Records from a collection
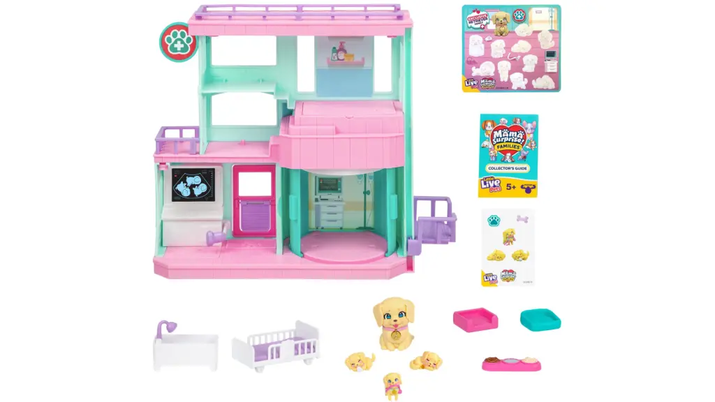 Setul de joacă este super-interactiv, cu uși pliante, un lift și chiar o zonă de baie unde poți spăla cățelușii și descoperi caracteristicile lor secrete la naștere.
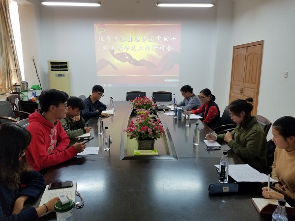 10月24日下午,伟德BETVLCTOR党委副书记肖妮老师、团委书记周计老师和团委学生会主席团全体成员在化学化工大楼A415召开学习党的十九大报告工作研讨会。
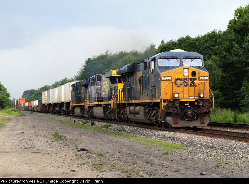 CSX 753 leads Eastbound CSX Q108 at Harmon Rd MP 120 on track number two.
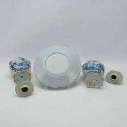 | Omschrijving | Lot divers 18e eeuws Delfts aardewerk: twee kastvazen, ca. 1760 in Louis XV stijl met rocailles en decor van vissers in landschappen. Met daarbij een bord met Chinoiserie decor van een figuur bij een tempel |
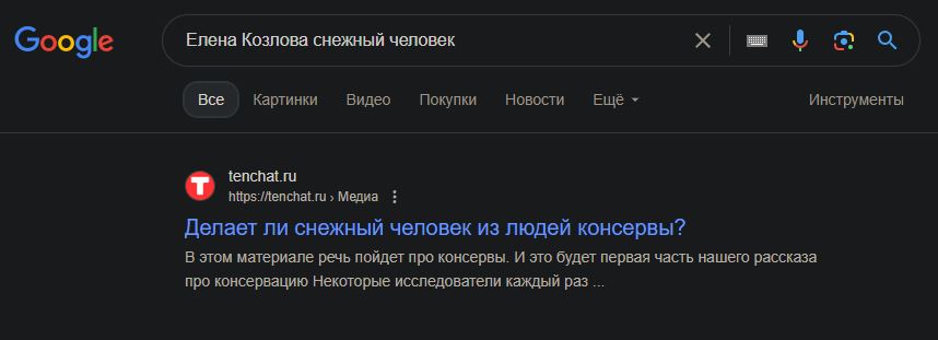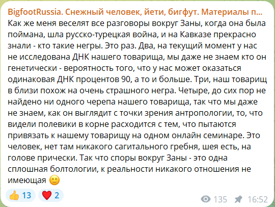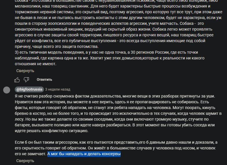 >С одной стороны, в рамках науки, в биологии, биохимии и зоопсихологии сильна, но с другой, исключительно предвзята, типа, "СЧ хааароший" Соглашусь, хоть и мало знаком с её контентом, но из того, что услышал - много научного подхода. Но пердалище моё, конечно, сгорело от того, как она игнорирует, предложенные ей доказательства (речь о фото 17 и фотографии поисковиков), а также от постоянных охуительных историй о консервах (в чём еще раз убедился, введя поисковой запрос), ну и в целом от того, как она свою повестку в виде истины в последней инстанции преподносит (примеры в её ТГ канале).
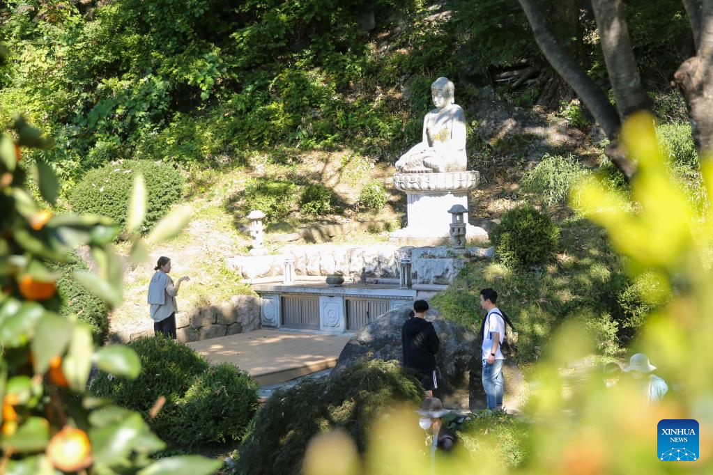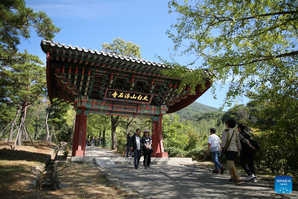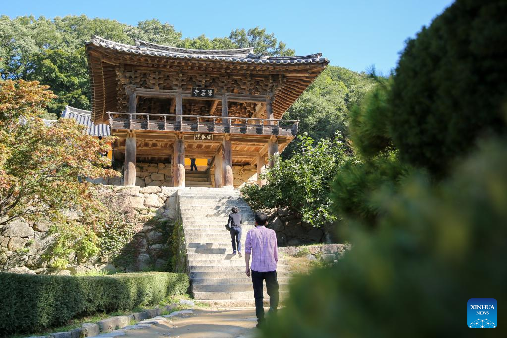 Tourists visit the Buseoksa Temple in Yeongju, South Korea, Oct. 1, 2022. Buseoksa Temple is one of the seven Buddhist mountain monasteries in South Korea which were listed by the UNESCO as world heritage sites in 2018. (Xinhua/Wang Yiliang)
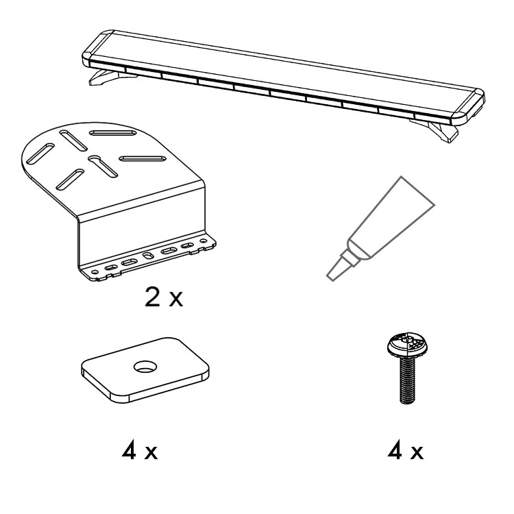 Sett bestående av én lysskinne og et komplett sett braketter for montering direkte i kjøretøyets originale festepunkter. Ved å benytte de integrerte festepunktene slipper man å bore unødige hull i kjøretøyets karosseri. Dermed er det ingen risiko for korrosjon, og kjøretøyets gjenverdi er sikret.
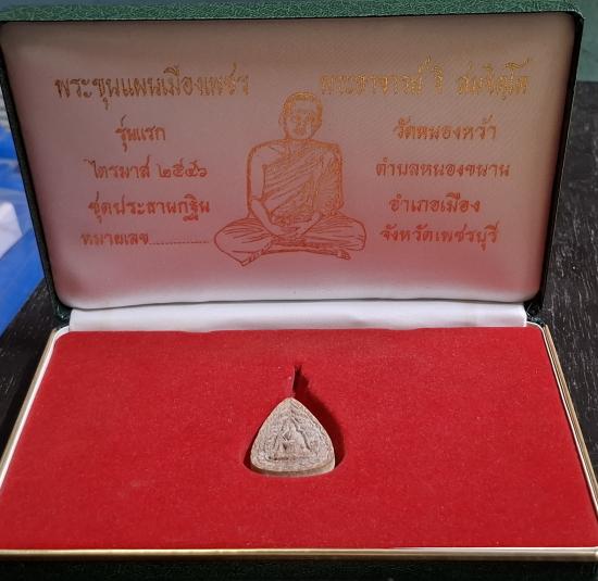 พระขุนแผนเมืองเพชร หลวงพ่อจิ วัดหนองหว้า เพชรบุรี ฝังตะกรุดเงินหลวงพ่อยิด 4 ดอก และตะกรุดทองคำหลวงพ่อจิ 1 ดอก กล่องเดิม |
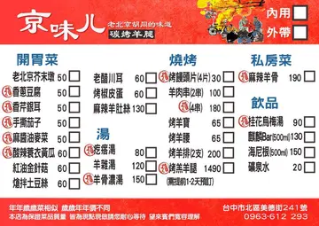 中國醫藥大學美食推薦,這間來自老北京的道地美味,主打紐西蘭小羔羊腿,讓糖糖一吃就難以忘懷,至今已N訪多次的京味兒,除了招牌碳烤小羔羊腿外,還有許多老闆的拿手菜也另糖糖讚不絕口,像是熗拌土豆絲、麻醬油麥菜都是糖糖來必點,還有那讓人吮回味的烤羊肉串及烤羊排也超激推~京味兒位於美德街上,靠近尚德街這邊,營業時間只有晚上,週二公休,話說糖糖每次都是禮拜二特別想吃他們家,所以禮拜二心情最低落,因為都吃不著外觀非常居家,沒有華麗的裝潢,也沒有漂亮的擺飾,看起來相當不起眼,裡面藏著的美味可是會另你驚艷不已唷京味兒的內用座位只有一層樓,空間還蠻寬敞的,桌子間的距離不會太近,每個座位的頭上幾乎都有一台抽油煙機,如果有點碳烤羊腿會使用到~來來來~就上京味兒的Menu給大家參考,主要以碳烤羊料理為主,還有許多老闆拿手菜及私房菜,之前還有提供麵食,不過現在已經拿掉了碳烤羔羊腿的部份需提前1-2天訂購,如果現場來直接點是吃不到滴~如果不知道開味菜是什麼,櫃檯前方有圖片可以參考,有問題都可以直接詢問老闆,老闆會一一為大家做介紹唷~熗拌土豆絲 60元首先要來介紹糖糖的最最最最愛,每次來都是兩盤以上的熗拌土豆絲,土豆絲其實就是馬鈴薯,將馬鈴薯切成絲狀後,放入冷水中靜置片刻來去掉表面的澱粉質,接著瀝乾後汆制,最後一個步驟就是放涼調味口感清脆的土豆絲,因切面大小不同,吃起來相當多層次,搭配特調醬汁,微酸微辣的滋味,清爽又開胃,糖糖吃了一口就上癮啦 麻醬油麥菜 50元這個油麥菜就是台灣俗稱的「A菜」,沒有煮過也沒有炒過,直接生菜淋上店家特製的蒜香麻醬,以涼拌的方式,糖糖覺得這樣吃法比炒過的A菜更好吃,少了苦味,口感更加清脆糖糖還蠻喜歡他們家的特製蒜香麻醬,吃起來偏小辣,帶著迷人的芝麻香氣,感覺搭配其他食材也很讚疙瘩湯 80元這到疙瘩湯也是糖糖每次來必點的餐點,雖然歸類在湯類,但糖糖覺得他比較偏主食類,因為這碗喝下去高級有飽足感裡頭的麵疙瘩別於一般市面上看到的那麼大塊,這裡的麵疙瘩超迷你,煮得相當透徹,吃起來不會有麵粉味,以番茄蛋花湯為基底,口感超特別,帶點黏稠感,每一口都吃的到番茄的酸甜滋味,有夠讚烤羊肉串 4串180元一次就給他點個4串來吃才爽快,而且4串的價格還比2串優惠唷,羊肉串都是現點現烤,上桌時還在滋滋作響,那撲鼻而來的孜然香更是迷人阿肉質軟嫩不柴,帶點些許嚼勁,羊肉香氣十足,會讓人越嚼越香,越吃越帶勁~烤羊排 2支200元覺得剛剛的羊肉串吃的不過癮,來來來,一整支的烤羊排讓你爽爽啃上頭一樣灑上滿滿孜然增添香氣,大口咬下去,油花及羊兒的香氣立刻在嘴裡爆香來,真的有夠香,吃起來會比剛剛的羊肉串還要再有嚼勁些唷烤羔羊腿 1490元最後重頭戲!要預約才吃的到的碳烤小羔羊,選用紐西蘭6個月大的小羔羊,經過醃製後再灑上孜然、茴香及胡椒粉調味,糖糖之前來是使用後腿肉,看起來比較大塊,肉也比較多,現在已經更改使用羊前腿肉,size比較小一點,不過肉質更軟嫩~羊腿上桌時老闆會先教大家怎麼吃,邊切邊吃是最好,如果一次切太多容易涼掉,放在烤網上太久又容易老掉,肉質就會變得乾乾的將羊肉切下來放再烤網上約30秒就可以享用囉因為羊腿有調味過了,糖糖覺得單吃就很夠味,如果覺得不夠旁邊也有孜然粉可以做添加唷~糖糖覺得前腿肉真的比之前的後腿肉還要軟嫩,羊肉香氣非常迷人,裡頭帶點微微的筋,吃起來很Q軟,不會像橡皮筋那樣怎麼嚼都嚼不爛~吃到後面店家還會幫忙把羊腿分屍(咦~這樣講起來怎麼有點怪怪的,直接把骨頭拿起來啃食才爽快~最精華就在這裡了,色香味俱全,令人食指大動的美味不管是開胃菜還是碳烤小羔羊,道道都深得糖糖心,想要吃道地北京菜及美味的碳烤羊肉料理,糖糖大力推薦這間京味兒給大家,讓你一試成主顧,記得羊腿要提前一、兩天預訂唷~…查看更多
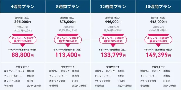 さらに、4〜16週間と複数のプランが用意されているため、「短期間で集中して学びたい人」「ゆっくり確実に理解したい人」どちらにも対応できます。
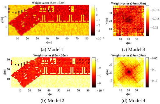 On the other hand, as shown in the results of Model 3 and 4 in Figure 13c,d, the weight vectors had the highest values at the center, which gradually decreased as the distance increased from the center. For signals, propagation phenomena (e.g., reflection and diffraction) occurred with obstacles, including walls, and the radio-map distribution changed, owing to the propagation phenomenon becoming smaller as the signal strength decreased. Accordingly, the radio-map distribution change became smaller with the increase of the distance between the AP and the obstacle.
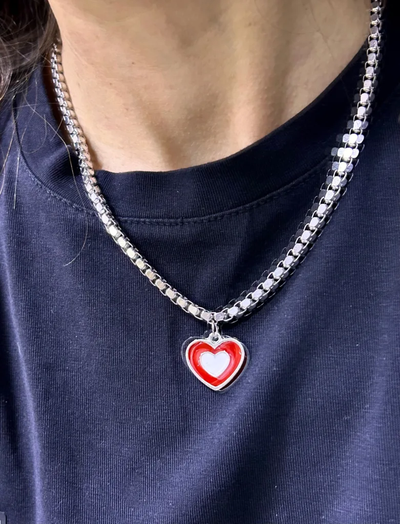 Çelik Kırmızı Taş Kalp Kolye Gümüş Renk
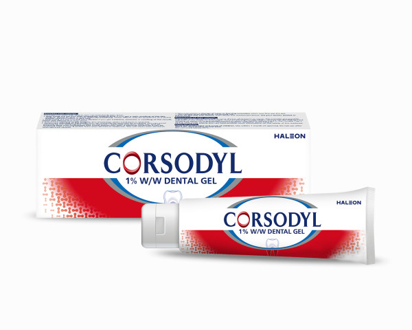 Corsodyl® 1% w/w Dental Gel is an aid for the treatment of gum disease. Active Ingredient 1% w/w chlorhexidine digluconate. Recommended for patients with gingivitis and conditions that require a longer contact time with oral surfaces e.g. mouth ulcers and fungal infections of the mouth (oral thrush/denture stomatitis) and post- periodontal surgery to promote gingival healing. Not for use by children under 12 years of age, unless on advice of a dental professional or doctor.

WHAT YOU HAVE TO DO
Your answer must contain the full data, repeated exactly, without pictures.

ANSWER SECTION
 Setul de joacă este super-interactiv, cu uși pliante, un lift și chiar o zonă de baie unde poți spăla cățelușii și descoperi caracteristicile lor secrete la naștere.
 10月24日下午,伟德BETVLCTOR党委副书记肖妮老师、团委书记周计老师和团委学生会主席团全体成员在化学化工大楼A415召开学习党的十九大报告工作研讨会。
 CSX 753 leads Eastbound CSX Q108 at Harmon Rd MP 120 on track number two.
 | Omschrijving | Lot divers 18e eeuws Delfts aardewerk: twee kastvazen, ca. 1760 in Louis XV stijl met rocailles en decor van vissers in landschappen. Met daarbij een bord met Chinoiserie decor van een figuur bij een tempel |
 >С одной стороны, в рамках науки, в биологии, биохимии и зоопсихологии сильна, но с другой, исключительно предвзята, типа, "СЧ хааароший" Соглашусь, хоть и мало знаком с её контентом, но из того, что услышал - много научного подхода. Но пердалище моё, конечно, сгорело от того, как она игнорирует, предложенные ей доказательства (речь о фото 17 и фотографии поисковиков), а также от постоянных охуительных историй о консервах (в чём еще раз убедился, введя поисковой запрос), ну и в целом от того, как она свою повестку в виде истины в последней инстанции преподносит (примеры в её ТГ канале).
 Tourists visit the Buseoksa Temple in Yeongju, South Korea, Oct. 1, 2022. Buseoksa Temple is one of the seven Buddhist mountain monasteries in South Korea which were listed by the UNESCO as world heritage sites in 2018. (Xinhua/Wang Yiliang)
 Sett bestående av én lysskinne og et komplett sett braketter for montering direkte i kjøretøyets originale festepunkter. Ved å benytte de integrerte festepunktene slipper man å bore unødige hull i kjøretøyets karosseri. Dermed er det ingen risiko for korrosjon, og kjøretøyets gjenverdi er sikret.
 พระขุนแผนเมืองเพชร หลวงพ่อจิ วัดหนองหว้า เพชรบุรี ฝังตะกรุดเงินหลวงพ่อยิด 4 ดอก และตะกรุดทองคำหลวงพ่อจิ 1 ดอก กล่องเดิม |
 中國醫藥大學美食推薦,這間來自老北京的道地美味,主打紐西蘭小羔羊腿,讓糖糖一吃就難以忘懷,至今已N訪多次的京味兒,除了招牌碳烤小羔羊腿外,還有許多老闆的拿手菜也另糖糖讚不絕口,像是熗拌土豆絲、麻醬油麥菜都是糖糖來必點,還有那讓人吮回味的烤羊肉串及烤羊排也超激推~京味兒位於美德街上,靠近尚德街這邊,營業時間只有晚上,週二公休,話說糖糖每次都是禮拜二特別想吃他們家,所以禮拜二心情最低落,因為都吃不著外觀非常居家,沒有華麗的裝潢,也沒有漂亮的擺飾,看起來相當不起眼,裡面藏著的美味可是會另你驚艷不已唷京味兒的內用座位只有一層樓,空間還蠻寬敞的,桌子間的距離不會太近,每個座位的頭上幾乎都有一台抽油煙機,如果有點碳烤羊腿會使用到~來來來~就上京味兒的Menu給大家參考,主要以碳烤羊料理為主,還有許多老闆拿手菜及私房菜,之前還有提供麵食,不過現在已經拿掉了碳烤羔羊腿的部份需提前1-2天訂購,如果現場來直接點是吃不到滴~如果不知道開味菜是什麼,櫃檯前方有圖片可以參考,有問題都可以直接詢問老闆,老闆會一一為大家做介紹唷~熗拌土豆絲 60元首先要來介紹糖糖的最最最最愛,每次來都是兩盤以上的熗拌土豆絲,土豆絲其實就是馬鈴薯,將馬鈴薯切成絲狀後,放入冷水中靜置片刻來去掉表面的澱粉質,接著瀝乾後汆制,最後一個步驟就是放涼調味口感清脆的土豆絲,因切面大小不同,吃起來相當多層次,搭配特調醬汁,微酸微辣的滋味,清爽又開胃,糖糖吃了一口就上癮啦 麻醬油麥菜 50元這個油麥菜就是台灣俗稱的「A菜」,沒有煮過也沒有炒過,直接生菜淋上店家特製的蒜香麻醬,以涼拌的方式,糖糖覺得這樣吃法比炒過的A菜更好吃,少了苦味,口感更加清脆糖糖還蠻喜歡他們家的特製蒜香麻醬,吃起來偏小辣,帶著迷人的芝麻香氣,感覺搭配其他食材也很讚疙瘩湯 80元這到疙瘩湯也是糖糖每次來必點的餐點,雖然歸類在湯類,但糖糖覺得他比較偏主食類,因為這碗喝下去高級有飽足感裡頭的麵疙瘩別於一般市面上看到的那麼大塊,這裡的麵疙瘩超迷你,煮得相當透徹,吃起來不會有麵粉味,以番茄蛋花湯為基底,口感超特別,帶點黏稠感,每一口都吃的到番茄的酸甜滋味,有夠讚烤羊肉串 4串180元一次就給他點個4串來吃才爽快,而且4串的價格還比2串優惠唷,羊肉串都是現點現烤,上桌時還在滋滋作響,那撲鼻而來的孜然香更是迷人阿肉質軟嫩不柴,帶點些許嚼勁,羊肉香氣十足,會讓人越嚼越香,越吃越帶勁~烤羊排 2支200元覺得剛剛的羊肉串吃的不過癮,來來來,一整支的烤羊排讓你爽爽啃上頭一樣灑上滿滿孜然增添香氣,大口咬下去,油花及羊兒的香氣立刻在嘴裡爆香來,真的有夠香,吃起來會比剛剛的羊肉串還要再有嚼勁些唷烤羔羊腿 1490元最後重頭戲!要預約才吃的到的碳烤小羔羊,選用紐西蘭6個月大的小羔羊,經過醃製後再灑上孜然、茴香及胡椒粉調味,糖糖之前來是使用後腿肉,看起來比較大塊,肉也比較多,現在已經更改使用羊前腿肉,size比較小一點,不過肉質更軟嫩~羊腿上桌時老闆會先教大家怎麼吃,邊切邊吃是最好,如果一次切太多容易涼掉,放在烤網上太久又容易老掉,肉質就會變得乾乾的將羊肉切下來放再烤網上約30秒就可以享用囉因為羊腿有調味過了,糖糖覺得單吃就很夠味,如果覺得不夠旁邊也有孜然粉可以做添加唷~糖糖覺得前腿肉真的比之前的後腿肉還要軟嫩,羊肉香氣非常迷人,裡頭帶點微微的筋,吃起來很Q軟,不會像橡皮筋那樣怎麼嚼都嚼不爛~吃到後面店家還會幫忙把羊腿分屍(咦~這樣講起來怎麼有點怪怪的,直接把骨頭拿起來啃食才爽快~最精華就在這裡了,色香味俱全,令人食指大動的美味不管是開胃菜還是碳烤小羔羊,道道都深得糖糖心,想要吃道地北京菜及美味的碳烤羊肉料理,糖糖大力推薦這間京味兒給大家,讓你一試成主顧,記得羊腿要提前一、兩天預訂唷~…查看更多
 さらに、4〜16週間と複数のプランが用意されているため、「短期間で集中して学びたい人」「ゆっくり確実に理解したい人」どちらにも対応できます。
 On the other hand, as shown in the results of Model 3 and 4 in Figure 13c,d, the weight vectors had the highest values at the center, which gradually decreased as the distance increased from the center. For signals, propagation phenomena (e.g., reflection and diffraction) occurred with obstacles, including walls, and the radio-map distribution changed, owing to the propagation phenomenon becoming smaller as the signal strength decreased. Accordingly, the radio-map distribution change became smaller with the increase of the distance between the AP and the obstacle.
 Çelik Kırmızı Taş Kalp Kolye Gümüş Renk
 Corsodyl® 1% w/w Dental Gel is an aid for the treatment of gum disease. Active Ingredient 1% w/w chlorhexidine digluconate. Recommended for patients with gingivitis and conditions that require a longer contact time with oral surfaces e.g. mouth ulcers and fungal infections of the mouth (oral thrush/denture stomatitis) and post- periodontal surgery to promote gingival healing. Not for use by children under 12 years of age, unless on advice of a dental professional or doctor.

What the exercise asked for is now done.